▸ **What is expected**: I need the lines below from the one with "Want to change" down to the one with "4. Утром маме" reproduced exactly, both ends included, and nothing else.

▸ **Records excerpted from a collection**:
+-------+

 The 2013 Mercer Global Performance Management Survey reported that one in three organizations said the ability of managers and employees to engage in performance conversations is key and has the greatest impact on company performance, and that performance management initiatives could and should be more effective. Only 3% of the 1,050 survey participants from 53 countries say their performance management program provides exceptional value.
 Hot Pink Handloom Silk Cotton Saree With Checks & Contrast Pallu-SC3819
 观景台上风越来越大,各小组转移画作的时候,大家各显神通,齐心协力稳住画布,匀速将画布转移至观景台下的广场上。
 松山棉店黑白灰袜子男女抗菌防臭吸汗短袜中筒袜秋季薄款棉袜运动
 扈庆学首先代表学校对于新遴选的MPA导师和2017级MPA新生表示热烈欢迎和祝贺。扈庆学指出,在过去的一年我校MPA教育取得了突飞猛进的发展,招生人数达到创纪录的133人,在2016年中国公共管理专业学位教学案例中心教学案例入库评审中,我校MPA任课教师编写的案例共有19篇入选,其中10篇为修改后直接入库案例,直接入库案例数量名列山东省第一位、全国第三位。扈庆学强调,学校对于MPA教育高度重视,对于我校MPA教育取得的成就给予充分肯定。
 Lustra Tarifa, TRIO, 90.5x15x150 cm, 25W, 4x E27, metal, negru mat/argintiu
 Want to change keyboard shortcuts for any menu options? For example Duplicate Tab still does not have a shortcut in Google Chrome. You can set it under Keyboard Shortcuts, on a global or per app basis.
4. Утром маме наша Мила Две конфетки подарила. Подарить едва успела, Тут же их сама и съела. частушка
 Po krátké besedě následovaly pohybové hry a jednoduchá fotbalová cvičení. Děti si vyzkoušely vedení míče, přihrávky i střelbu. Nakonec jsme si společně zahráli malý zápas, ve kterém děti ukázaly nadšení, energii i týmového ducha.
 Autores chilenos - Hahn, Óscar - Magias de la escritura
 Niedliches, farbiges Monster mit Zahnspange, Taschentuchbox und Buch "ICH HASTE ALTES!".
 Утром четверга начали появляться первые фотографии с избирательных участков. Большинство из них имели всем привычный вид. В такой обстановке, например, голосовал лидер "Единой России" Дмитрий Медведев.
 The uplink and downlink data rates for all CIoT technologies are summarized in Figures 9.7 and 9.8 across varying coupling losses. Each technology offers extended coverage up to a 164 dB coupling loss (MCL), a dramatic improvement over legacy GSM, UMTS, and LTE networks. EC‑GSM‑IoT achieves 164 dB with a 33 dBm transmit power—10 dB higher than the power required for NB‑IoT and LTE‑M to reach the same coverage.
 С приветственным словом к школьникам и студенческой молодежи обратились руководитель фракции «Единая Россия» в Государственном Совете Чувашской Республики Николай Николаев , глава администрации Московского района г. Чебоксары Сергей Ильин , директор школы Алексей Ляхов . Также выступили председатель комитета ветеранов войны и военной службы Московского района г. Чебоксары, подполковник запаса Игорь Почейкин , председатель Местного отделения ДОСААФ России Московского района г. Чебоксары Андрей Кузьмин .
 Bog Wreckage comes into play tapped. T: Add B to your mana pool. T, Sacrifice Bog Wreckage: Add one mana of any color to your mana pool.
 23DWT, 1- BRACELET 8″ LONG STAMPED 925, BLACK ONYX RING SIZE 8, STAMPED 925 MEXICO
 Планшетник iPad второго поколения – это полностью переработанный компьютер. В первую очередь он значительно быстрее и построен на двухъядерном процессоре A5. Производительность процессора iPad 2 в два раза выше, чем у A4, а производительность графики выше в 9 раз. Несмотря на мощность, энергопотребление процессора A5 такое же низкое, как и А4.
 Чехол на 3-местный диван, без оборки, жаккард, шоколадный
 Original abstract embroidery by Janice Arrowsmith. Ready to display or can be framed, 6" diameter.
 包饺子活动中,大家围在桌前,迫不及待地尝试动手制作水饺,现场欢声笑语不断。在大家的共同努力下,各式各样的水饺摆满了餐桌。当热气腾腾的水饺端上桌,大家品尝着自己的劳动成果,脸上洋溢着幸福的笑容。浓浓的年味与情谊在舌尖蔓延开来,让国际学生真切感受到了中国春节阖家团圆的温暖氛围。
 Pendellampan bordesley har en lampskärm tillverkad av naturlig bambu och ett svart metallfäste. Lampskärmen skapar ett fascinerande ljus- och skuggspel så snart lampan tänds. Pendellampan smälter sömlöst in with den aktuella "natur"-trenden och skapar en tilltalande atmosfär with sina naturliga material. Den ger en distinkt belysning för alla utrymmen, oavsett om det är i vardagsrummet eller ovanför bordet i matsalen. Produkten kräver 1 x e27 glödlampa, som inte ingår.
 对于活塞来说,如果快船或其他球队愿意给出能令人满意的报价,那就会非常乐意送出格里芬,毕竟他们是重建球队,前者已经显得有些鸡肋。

+-------+

▸ **Solution**:
 Want to change keyboard shortcuts for any menu options? For example Duplicate Tab still does not have a shortcut in Google Chrome. You can set it under Keyboard Shortcuts, on a global or per app basis.
4. Утром маме наша Мила Две конфетки подарила. Подарить едва успела, Тут же их сама и съела. частушка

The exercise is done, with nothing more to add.